Care at home

william

Registered User
May 2, 2008
4
0
Hi. I'm new to the forum.:) Nice to meet you all.

I joined as I (and my family) am/are increasingly in need of advice and it looks like a fantastic space for people to share their situations and suggestions. I hope i will be able to contribute from my own experiences to help other people too.

My mother has Alzheimer's and currently still lives at home on her home. My sister lives about 15 minutes away and does almost all the caring. She works full-time. My mother lives in Lancashire, but I live and work in London, so it is very difficult to get back as often I would like.

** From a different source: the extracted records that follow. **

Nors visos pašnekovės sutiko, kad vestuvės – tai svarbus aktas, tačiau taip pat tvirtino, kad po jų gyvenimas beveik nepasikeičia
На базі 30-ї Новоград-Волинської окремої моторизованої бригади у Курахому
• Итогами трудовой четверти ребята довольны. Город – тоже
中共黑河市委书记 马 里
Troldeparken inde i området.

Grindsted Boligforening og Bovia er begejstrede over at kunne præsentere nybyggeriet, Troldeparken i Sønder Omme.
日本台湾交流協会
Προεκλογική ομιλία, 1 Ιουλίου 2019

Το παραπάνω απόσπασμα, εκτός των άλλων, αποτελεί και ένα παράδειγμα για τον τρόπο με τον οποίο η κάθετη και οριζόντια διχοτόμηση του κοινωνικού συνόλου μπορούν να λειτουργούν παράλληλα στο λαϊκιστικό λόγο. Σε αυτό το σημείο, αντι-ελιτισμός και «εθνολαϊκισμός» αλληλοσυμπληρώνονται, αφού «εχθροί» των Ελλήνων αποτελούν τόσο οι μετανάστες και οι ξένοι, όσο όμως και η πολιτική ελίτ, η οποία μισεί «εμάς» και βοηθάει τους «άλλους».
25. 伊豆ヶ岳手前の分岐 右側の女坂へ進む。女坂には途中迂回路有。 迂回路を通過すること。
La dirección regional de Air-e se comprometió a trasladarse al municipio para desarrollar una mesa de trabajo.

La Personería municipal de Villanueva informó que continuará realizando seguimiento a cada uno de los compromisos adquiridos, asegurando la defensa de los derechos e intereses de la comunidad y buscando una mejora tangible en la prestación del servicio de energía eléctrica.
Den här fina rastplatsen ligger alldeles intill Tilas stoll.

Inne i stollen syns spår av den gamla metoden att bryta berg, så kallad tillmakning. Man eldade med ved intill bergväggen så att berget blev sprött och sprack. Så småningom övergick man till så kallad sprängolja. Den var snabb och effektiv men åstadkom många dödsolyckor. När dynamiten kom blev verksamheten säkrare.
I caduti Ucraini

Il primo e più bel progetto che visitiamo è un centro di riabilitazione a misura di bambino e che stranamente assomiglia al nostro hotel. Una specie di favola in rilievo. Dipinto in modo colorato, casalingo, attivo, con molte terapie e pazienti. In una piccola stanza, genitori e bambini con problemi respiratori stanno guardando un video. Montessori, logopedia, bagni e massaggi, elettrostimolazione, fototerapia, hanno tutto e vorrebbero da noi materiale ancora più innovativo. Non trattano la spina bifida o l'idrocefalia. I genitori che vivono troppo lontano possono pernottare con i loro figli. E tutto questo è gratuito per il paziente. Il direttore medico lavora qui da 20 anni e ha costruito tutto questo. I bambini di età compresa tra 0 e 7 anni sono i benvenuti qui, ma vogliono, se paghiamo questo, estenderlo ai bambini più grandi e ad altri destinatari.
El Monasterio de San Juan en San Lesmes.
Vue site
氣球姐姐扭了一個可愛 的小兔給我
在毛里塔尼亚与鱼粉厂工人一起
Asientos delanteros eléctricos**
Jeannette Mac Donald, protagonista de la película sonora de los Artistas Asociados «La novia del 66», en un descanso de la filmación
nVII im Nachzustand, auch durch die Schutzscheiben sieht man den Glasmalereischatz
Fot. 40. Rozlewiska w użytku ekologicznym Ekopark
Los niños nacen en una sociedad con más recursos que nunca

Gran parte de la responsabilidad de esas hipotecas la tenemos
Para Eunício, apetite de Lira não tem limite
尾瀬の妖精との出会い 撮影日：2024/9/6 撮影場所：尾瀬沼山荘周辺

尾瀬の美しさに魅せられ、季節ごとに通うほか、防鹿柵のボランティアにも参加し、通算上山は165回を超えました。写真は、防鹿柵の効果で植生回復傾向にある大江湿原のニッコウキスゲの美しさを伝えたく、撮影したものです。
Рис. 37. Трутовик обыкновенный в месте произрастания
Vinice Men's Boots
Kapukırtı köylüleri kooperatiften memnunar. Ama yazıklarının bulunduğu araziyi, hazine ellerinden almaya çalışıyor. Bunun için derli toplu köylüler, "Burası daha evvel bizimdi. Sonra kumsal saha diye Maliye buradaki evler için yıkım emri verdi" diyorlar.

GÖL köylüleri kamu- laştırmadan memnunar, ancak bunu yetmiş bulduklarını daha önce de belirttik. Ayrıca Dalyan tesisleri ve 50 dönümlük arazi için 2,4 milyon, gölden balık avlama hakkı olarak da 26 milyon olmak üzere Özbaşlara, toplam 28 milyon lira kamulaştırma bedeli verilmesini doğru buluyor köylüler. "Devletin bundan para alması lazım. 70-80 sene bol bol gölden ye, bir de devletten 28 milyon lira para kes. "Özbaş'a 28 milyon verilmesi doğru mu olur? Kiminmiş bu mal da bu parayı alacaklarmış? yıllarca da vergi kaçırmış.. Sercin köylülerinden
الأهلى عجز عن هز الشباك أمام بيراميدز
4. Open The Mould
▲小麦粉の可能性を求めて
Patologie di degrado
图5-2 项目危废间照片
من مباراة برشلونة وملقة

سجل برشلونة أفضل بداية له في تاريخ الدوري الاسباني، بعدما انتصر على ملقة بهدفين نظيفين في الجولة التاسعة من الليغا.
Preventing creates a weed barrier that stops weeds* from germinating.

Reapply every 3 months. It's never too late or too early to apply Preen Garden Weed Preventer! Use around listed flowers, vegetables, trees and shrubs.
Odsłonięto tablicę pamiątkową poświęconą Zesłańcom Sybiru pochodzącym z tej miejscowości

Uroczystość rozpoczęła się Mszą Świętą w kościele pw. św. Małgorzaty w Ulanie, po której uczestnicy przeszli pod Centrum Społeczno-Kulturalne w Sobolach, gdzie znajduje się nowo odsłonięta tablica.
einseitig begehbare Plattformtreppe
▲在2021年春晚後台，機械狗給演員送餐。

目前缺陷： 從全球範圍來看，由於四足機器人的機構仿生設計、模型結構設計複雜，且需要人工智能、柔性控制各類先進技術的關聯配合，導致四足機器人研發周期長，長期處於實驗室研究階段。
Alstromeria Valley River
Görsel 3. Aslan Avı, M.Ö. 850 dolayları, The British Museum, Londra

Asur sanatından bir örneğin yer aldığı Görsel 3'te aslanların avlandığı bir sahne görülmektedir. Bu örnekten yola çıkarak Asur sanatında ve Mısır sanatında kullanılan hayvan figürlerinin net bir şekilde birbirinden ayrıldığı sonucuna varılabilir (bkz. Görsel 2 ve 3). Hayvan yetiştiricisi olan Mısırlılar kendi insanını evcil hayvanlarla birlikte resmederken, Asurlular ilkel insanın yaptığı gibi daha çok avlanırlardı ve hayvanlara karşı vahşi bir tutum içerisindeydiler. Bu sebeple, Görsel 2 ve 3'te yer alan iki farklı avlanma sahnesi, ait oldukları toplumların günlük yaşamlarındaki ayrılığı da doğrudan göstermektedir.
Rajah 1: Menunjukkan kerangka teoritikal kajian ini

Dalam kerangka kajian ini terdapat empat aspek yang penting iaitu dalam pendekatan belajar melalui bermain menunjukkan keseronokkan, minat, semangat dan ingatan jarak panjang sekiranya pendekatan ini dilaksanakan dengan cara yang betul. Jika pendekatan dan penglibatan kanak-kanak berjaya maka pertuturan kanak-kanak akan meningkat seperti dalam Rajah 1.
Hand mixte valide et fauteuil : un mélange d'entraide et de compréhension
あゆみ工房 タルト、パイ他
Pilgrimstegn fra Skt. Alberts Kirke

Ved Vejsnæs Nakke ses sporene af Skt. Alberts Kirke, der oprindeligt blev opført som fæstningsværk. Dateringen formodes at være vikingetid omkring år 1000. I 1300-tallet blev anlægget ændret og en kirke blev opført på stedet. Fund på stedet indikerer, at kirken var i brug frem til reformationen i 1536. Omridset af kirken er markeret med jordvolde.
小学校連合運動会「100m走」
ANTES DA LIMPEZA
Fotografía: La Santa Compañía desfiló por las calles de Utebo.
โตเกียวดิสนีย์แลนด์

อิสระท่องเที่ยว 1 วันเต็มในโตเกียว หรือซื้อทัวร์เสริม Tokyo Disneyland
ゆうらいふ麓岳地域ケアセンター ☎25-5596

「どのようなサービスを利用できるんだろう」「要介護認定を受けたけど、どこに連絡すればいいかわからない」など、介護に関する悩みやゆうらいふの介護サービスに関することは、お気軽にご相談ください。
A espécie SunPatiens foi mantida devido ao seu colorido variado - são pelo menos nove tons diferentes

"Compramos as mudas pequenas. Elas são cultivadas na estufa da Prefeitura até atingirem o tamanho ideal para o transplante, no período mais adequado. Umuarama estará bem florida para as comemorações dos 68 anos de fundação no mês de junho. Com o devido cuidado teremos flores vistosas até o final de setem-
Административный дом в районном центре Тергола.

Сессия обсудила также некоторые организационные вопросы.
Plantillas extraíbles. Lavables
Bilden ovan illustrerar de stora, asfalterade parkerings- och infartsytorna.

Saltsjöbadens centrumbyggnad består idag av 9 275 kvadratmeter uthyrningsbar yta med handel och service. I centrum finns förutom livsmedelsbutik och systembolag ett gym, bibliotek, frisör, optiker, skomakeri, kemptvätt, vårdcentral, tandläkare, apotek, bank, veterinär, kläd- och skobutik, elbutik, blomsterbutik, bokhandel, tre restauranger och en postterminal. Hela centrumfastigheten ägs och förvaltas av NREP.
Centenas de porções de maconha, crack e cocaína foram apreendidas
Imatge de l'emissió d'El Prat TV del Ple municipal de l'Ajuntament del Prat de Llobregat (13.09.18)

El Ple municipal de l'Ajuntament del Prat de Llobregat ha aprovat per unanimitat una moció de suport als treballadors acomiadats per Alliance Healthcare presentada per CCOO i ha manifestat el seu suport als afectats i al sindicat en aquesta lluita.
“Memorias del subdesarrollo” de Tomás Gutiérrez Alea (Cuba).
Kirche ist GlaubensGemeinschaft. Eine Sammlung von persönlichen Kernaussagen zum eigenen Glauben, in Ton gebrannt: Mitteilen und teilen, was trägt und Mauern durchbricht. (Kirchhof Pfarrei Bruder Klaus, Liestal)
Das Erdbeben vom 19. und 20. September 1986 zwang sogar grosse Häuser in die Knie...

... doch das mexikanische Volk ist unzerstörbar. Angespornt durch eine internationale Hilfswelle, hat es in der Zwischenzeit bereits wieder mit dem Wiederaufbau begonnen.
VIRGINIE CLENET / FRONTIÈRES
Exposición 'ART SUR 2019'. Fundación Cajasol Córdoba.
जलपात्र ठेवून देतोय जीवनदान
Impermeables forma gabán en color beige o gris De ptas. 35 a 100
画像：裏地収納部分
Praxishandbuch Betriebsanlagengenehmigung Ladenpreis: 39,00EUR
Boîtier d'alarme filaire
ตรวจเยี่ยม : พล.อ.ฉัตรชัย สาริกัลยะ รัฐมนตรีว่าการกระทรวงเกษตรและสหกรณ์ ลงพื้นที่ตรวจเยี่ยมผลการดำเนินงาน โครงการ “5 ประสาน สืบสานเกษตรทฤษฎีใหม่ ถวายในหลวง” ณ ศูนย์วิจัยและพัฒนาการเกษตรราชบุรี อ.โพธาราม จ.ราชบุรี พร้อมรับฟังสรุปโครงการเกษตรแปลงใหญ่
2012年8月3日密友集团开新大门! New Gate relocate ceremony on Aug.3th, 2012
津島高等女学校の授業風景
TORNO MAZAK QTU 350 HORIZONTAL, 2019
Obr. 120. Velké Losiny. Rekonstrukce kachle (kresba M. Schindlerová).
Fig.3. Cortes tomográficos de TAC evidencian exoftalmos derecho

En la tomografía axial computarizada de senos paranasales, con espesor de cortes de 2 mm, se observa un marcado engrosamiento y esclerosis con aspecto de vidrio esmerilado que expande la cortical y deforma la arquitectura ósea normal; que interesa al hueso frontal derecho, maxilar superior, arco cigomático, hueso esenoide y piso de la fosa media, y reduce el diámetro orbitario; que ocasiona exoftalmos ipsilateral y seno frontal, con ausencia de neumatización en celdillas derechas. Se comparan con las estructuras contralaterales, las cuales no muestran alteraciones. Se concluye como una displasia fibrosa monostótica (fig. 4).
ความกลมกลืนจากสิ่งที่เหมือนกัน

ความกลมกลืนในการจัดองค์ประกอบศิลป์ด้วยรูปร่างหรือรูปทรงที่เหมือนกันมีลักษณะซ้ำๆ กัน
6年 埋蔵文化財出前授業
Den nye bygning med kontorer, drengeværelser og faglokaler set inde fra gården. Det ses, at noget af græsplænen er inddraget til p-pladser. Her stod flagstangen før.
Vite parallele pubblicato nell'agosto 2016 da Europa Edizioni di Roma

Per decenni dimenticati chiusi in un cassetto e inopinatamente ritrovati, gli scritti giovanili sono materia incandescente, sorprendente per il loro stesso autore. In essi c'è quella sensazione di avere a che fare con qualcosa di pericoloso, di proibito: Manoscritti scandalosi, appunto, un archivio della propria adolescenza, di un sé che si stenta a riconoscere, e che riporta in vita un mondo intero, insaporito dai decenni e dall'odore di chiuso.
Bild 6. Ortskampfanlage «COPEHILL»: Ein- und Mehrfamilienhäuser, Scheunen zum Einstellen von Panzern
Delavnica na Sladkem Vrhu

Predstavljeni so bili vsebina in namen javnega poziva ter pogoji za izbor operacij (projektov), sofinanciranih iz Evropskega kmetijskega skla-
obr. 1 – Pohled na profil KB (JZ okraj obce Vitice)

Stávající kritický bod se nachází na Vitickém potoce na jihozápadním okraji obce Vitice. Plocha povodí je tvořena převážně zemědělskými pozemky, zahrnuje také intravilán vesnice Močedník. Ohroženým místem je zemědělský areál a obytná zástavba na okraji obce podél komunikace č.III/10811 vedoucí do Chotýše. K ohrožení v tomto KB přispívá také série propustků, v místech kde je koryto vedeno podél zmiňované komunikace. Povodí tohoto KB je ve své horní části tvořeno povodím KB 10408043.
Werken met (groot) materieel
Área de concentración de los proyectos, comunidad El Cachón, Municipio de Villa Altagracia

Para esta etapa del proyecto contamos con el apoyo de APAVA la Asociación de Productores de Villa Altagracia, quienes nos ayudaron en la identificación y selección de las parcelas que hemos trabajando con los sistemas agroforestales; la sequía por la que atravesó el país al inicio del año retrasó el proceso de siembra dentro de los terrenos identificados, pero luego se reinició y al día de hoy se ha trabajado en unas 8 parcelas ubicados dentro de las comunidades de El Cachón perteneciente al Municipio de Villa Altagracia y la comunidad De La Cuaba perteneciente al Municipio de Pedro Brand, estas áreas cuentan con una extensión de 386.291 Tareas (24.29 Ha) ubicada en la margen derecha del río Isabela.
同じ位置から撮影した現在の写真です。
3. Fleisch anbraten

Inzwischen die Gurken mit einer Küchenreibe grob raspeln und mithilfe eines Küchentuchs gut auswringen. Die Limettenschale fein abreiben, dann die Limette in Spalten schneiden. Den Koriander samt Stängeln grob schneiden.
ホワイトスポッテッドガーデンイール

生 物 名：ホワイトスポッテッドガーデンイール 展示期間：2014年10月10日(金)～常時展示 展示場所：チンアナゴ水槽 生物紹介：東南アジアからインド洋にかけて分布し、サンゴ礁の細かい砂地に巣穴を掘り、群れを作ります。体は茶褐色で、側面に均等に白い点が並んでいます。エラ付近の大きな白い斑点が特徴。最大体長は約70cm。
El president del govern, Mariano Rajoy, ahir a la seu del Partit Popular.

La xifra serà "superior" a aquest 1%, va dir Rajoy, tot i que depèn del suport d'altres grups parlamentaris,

My mother currently attends a day care centre two days per week (one of which is free and the other she has to pay for.) Social services have been incredibly inefficent so far..at the last community care assessment the social worker didn't think that my mother needed any additional support, which is far far from the case. The worker hasn't even written up the notes from the assessment.

My mother needs much more day round support than my sister is able to provide, but we would like to keep her in her own home as long as is feasible.although we are starting to think about care homes aswell.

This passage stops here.